I ran a dockerized Zeek 4.2 during all my troubleshooting and after I moved to Zeek 3.2.3 the subscribtion works and all seems well.

[mavam]

Hi there, apologies for the late response on this.

ChatGPT got it right, Threat Bus is in maintenance mode. Unfortunately we've only written that in the current docs and not the main project README.

Let me try to focus on the outcome to uplevel a bit: you would like synchronize MISP and Zeek, such that MISP observables end up in Zeek's intel framework. Is that correct?

This is a use case we are working towards with VAST in the context of security pipelines. Think of VAST like a "pipeline manager", as in this example:

We are still working out the pipeline syntax for the various carriers, but the concept is already clear: you will be able to use a pipeline to connect security tools, and our integrations will expose security tools (like MISP) as a dataflow that can be reshaped and put into other tools (Zeek, for example). Not shown here is the backchannel into Zeek. Within a dataflow of a pipeline, VAST speaks Apache Arrow. This means that we only need to make sure we're putting a dataframe of Zeek-Intel-Framework-compatible output and then finish the pipeline with some-reshaping-operators | to zeek <args>.

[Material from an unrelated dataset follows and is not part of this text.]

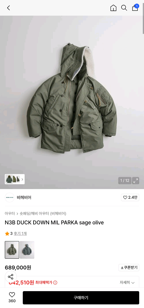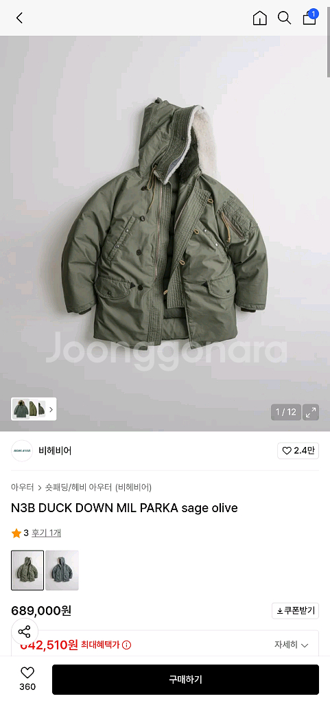 개인정보(거래정보)를 주고받는 행위는 사기에 노출될 수 있으므로 즉시 중고나라로 신고해 주세요24fw 비헤비어 N3B 덕다운 패딩 밀 파카 세이지올리브 사이즈 3 라지 105-108 상세 사이즈 참조바랍니다. 사이즈 확인차 착용후 택 제거. 실착용 외출 없습니다. 안전결제 부탁드립니다.

Note that that the storage side of things are entirely optional. In this scenario the pipeline executor can be attached both to realtime streaming data, as well as after a historical query.

[Th3H0ff]

Thank you for reaching out and your answer. I appreciate it.
I've had to move my time to analyzing the data I'm getting from the ZEEK-THREATBUS-MISP setup as it is now with Zeek 3.2.3, instead of looking further into why I cannot connect the Zeek 4.2 docker to Threatbus. It's really weird though and I doubt I'll be able to leave the issue but for now I have to.